Databases: Beyond SQL
Ever pushed code to production and immediately regretted it? Yeah, me too. The difference between a hobby project and a real application isn't just adding users, it's designing your database like your reputation (and wallet) depends on it. Because they do. This post walks through my mental shift from "just make it work" to "make it work at scale without bankrupting me or getting sued." Spoiler: it starts with asking the right questions before writing a single line of SQL.
Databases, our trusty data store. My first experience with databases came through working on Farmsah (Farm Management Platform). For Farmsah, I needed a place to store farms, crops and other relevant values. I came across SQL vs NoSQL, I chose Postgres, installed it and started with my SQL.
"CREATE DATABASE farmsah;"
A similar approach was taken for tables, and so on.

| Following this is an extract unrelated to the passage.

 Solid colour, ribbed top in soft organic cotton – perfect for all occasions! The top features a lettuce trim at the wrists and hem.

Looking back, I'm still proud of that approach. It works for personal projects and is an easy way to get familiar with everything, I mean you don't start driving with an 18-wheeler, you start small. Unfortunately, this approach has fast become not feasible. I am not suddenly a 10x developer, but I have grown in my coding and localhost projects do not excite me as much as they used to. This introduces a couple of problems, or I like to call them prayer points. Prayer points because they can really affect my life.

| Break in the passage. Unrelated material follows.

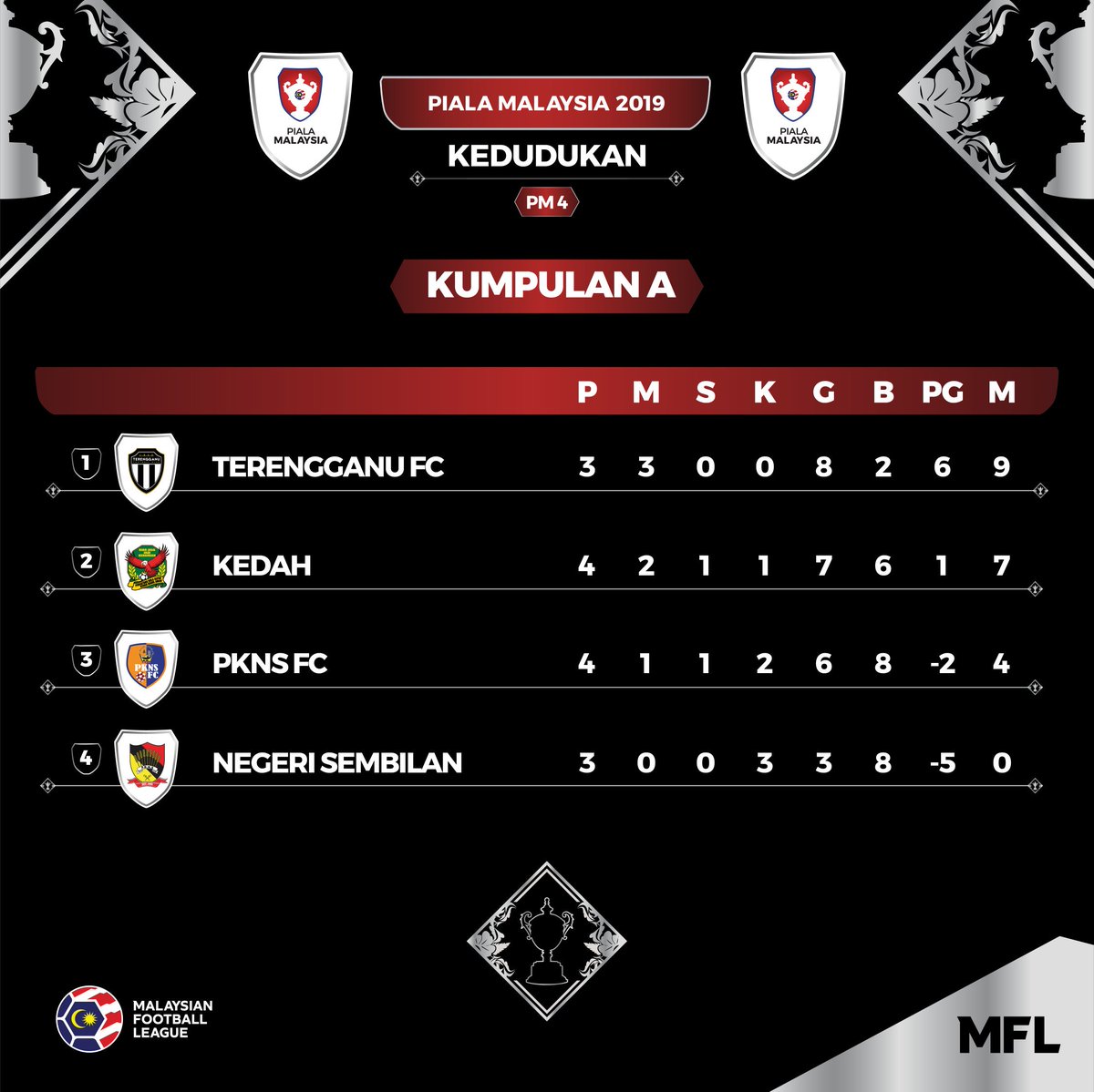 Kedudukan piala malaysia 2019. Di sini anda akan menjumpai penjaring gol kad kuning merah barisan pemain dan gantian pemain dalam butiran perlawanan. Ikuti piala malaysia 2019 untuk skor secara langsung keputusan akhir jadual dan kedudukan. Piala malaysia 2020 jadual keputusan terkini dan kedudukan carta twitter facebook whatsapp telegram menurut sumber kejohanan bola sepak piala malaysia 2020 juga edisi ke 94 akan membuka tirai saingan bermula pada 17 18 oktober 2020 dan kemuncak saingan iaitu perlawanan akhir final dijadual berlangsung pada 7 november 2020.

So, now that I want to build projects that have an actual production, I have a couple of options:
- Buy a computer, make it a server and handle everything
- Prayer Point One: we don't have that kind of money here
- Buy a Raspberry Pi, set it up, connect it to the Wi-Fi
- While innovative, I delusionally believe that my SaaS will catch speed and have thousands of users. So the Raspberry Pi won't cut it
- The Cloud: Pay as you use
With my experience with GCP, I will of course favor the cloud—it's convenient and covers Prayer Point One (Finance). But at the same time, the cloud introduces two more Prayer Points:
- Security (The Cloud has a shared responsibility model—basically, we are sharing these services, it's in your best interest to secure your services and not get hacked, because if you do it could lead to me being hacked and vice-versa)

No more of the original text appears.